Copy nothing past the line containing "Olabarriko errota antepara beharrean.". Transcribe every line of the listing below up to and including it, from the first, except pictures.

*** Block opens ***

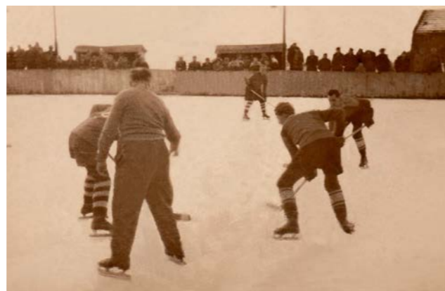
Zápas na putimském zimním stadionu na mlýnském náhonu pod čp. 29 (dnes Horníků).

V lednu jsme si povídali o tom, jak jsme se účastnili brigád v rámci akcí Z. Co to bylo? Byla to dobrovolná a bezplatná práce, kterou se pomáhalo při stavbě nějaké budovy v obci (u nás třeba hostince a kulturního domu) nebo při úklidu svého okolí. Písmeno „Z“ značilo zvelebování. Každoroční byl například úklid vršku kolem kostela – shrabování listí. Také se třeba upravoval záhon růží na návsi v parčíku před Šmidmajerů, pomáhalo se JZD při sběru brambor, uklízeli jsme novou hospodu U Cimbury před jejím otevřením. Většinou tyto akce vždy svolala nějaká organizace – Svaz mládeže, Svaz žen, i jiní. Ne, že bychom byli brigádou nadšení, ale nakonec tam byla
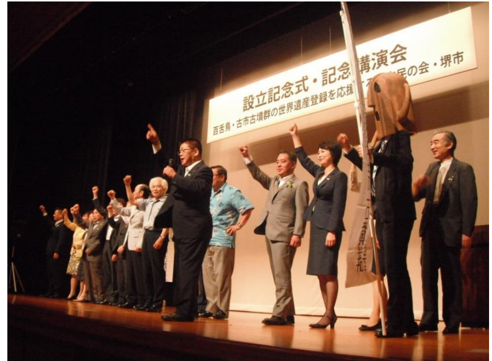
「百舌鳥・古市古墳群の世界遺産登録を応援する堺市民の会」設立記念式
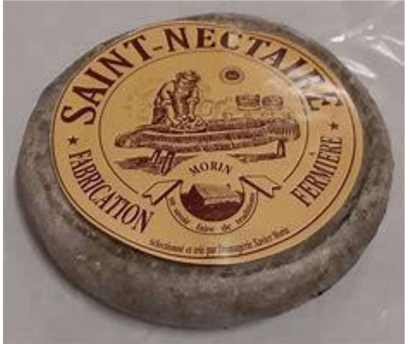
Visite d'une fromagerie : découverte de la fabrication artisanale du Saint-Nectaire
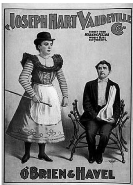
Figura 3: Cartaz de Vaudeville, 1899

décadas após, nos famosos musicais hollywoodianos .
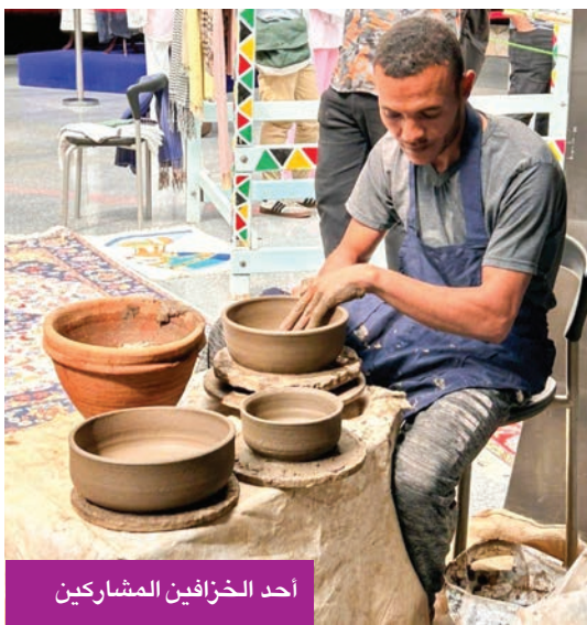
أحد الخزافين المشاركين
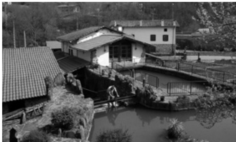
Olabarriko errota antepara beharrean.

Ibilbide bi prestatu dabez antolatzaileek, bata luzea, 14 kilometrokoa, eta bestea, laburragoa
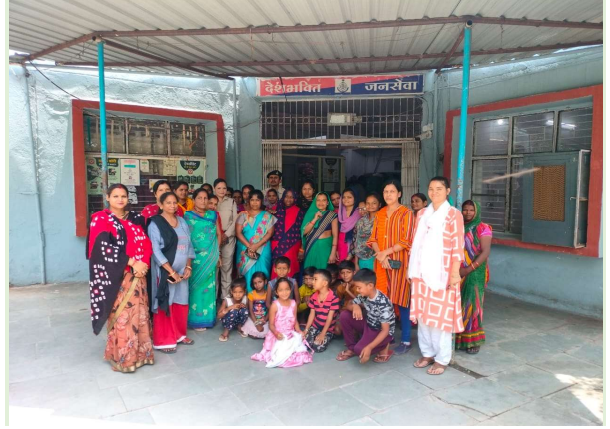
थाना कोलार के अंतर्गत थाने स्तर पर शक्ति समिति की बैठक
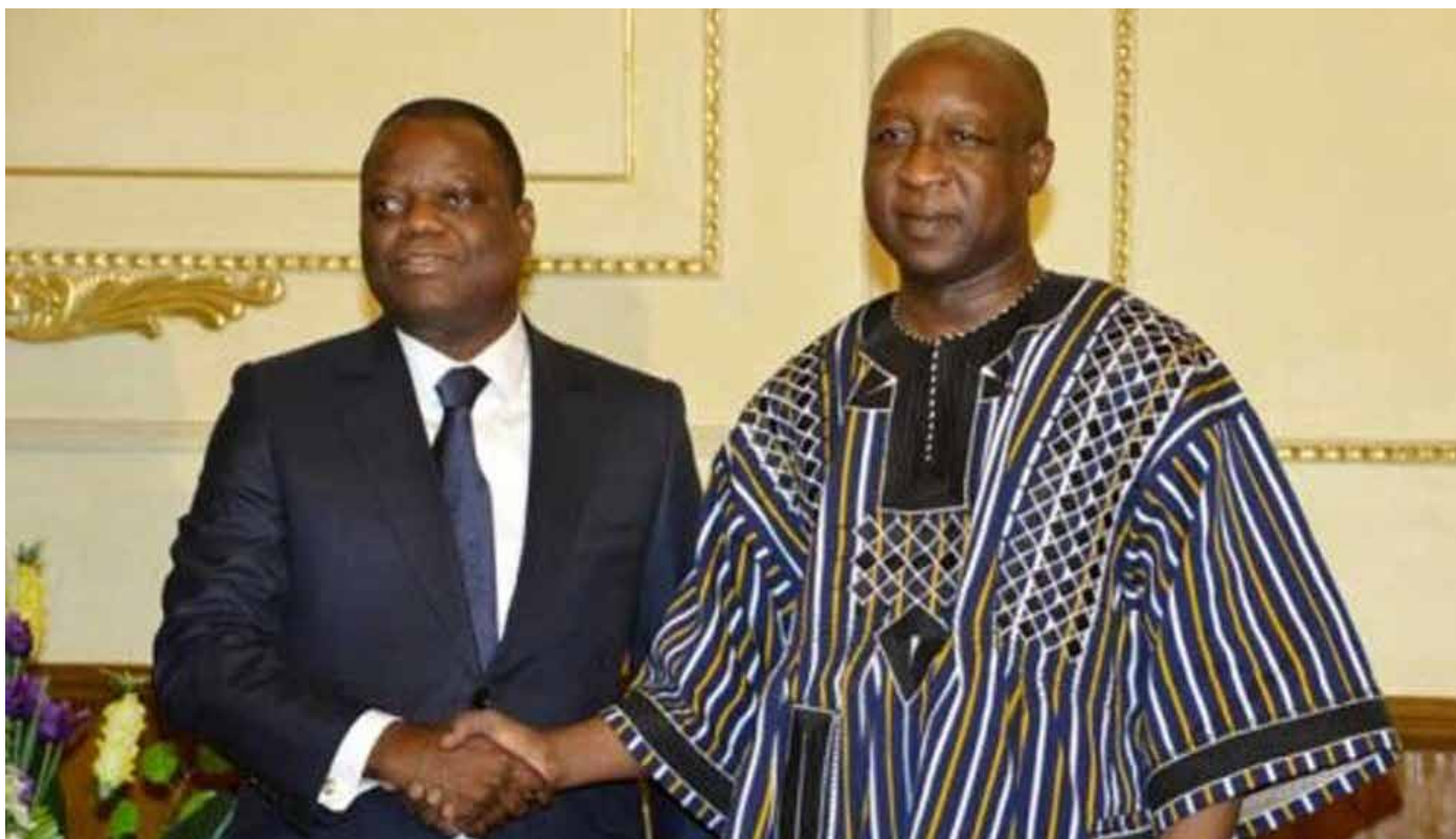
Le Premier ministre Paul Kaba THIEBA.

L e Premier ministre, Paul Kaba THIEBA, a accordé une audience au Président du Patronat béninois, Sébastien G. AJAVON, le lundi 09 janvier 2017. Le patron des patrons béninois et le Chef du Gouvernement ont échangé sur la redynamisation du Partenariat public-privé entre le Burkina Faso et le Bénin. Plusieurs secteurs sont concernés par cette redynamisation notamment l'énergie et l'agriculture.

*** Block closes ***

**ANSWER FOR THIS EXERCISE:**
Zápas na putimském zimním stadionu na mlýnském náhonu pod čp. 29 (dnes Horníků).

V lednu jsme si povídali o tom, jak jsme se účastnili brigád v rámci akcí Z. Co to bylo? Byla to dobrovolná a bezplatná práce, kterou se pomáhalo při stavbě nějaké budovy v obci (u nás třeba hostince a kulturního domu) nebo při úklidu svého okolí. Písmeno „Z“ značilo zvelebování. Každoroční byl například úklid vršku kolem kostela – shrabování listí. Také se třeba upravoval záhon růží na návsi v parčíku před Šmidmajerů, pomáhalo se JZD při sběru brambor, uklízeli jsme novou hospodu U Cimbury před jejím otevřením. Většinou tyto akce vždy svolala nějaká organizace – Svaz mládeže, Svaz žen, i jiní. Ne, že bychom byli brigádou nadšení, ale nakonec tam byla
「百舌鳥・古市古墳群の世界遺産登録を応援する堺市民の会」設立記念式
Visite d'une fromagerie : découverte de la fabrication artisanale du Saint-Nectaire
Figura 3: Cartaz de Vaudeville, 1899

décadas após, nos famosos musicais hollywoodianos .
أحد الخزافين المشاركين
Olabarriko errota antepara beharrean.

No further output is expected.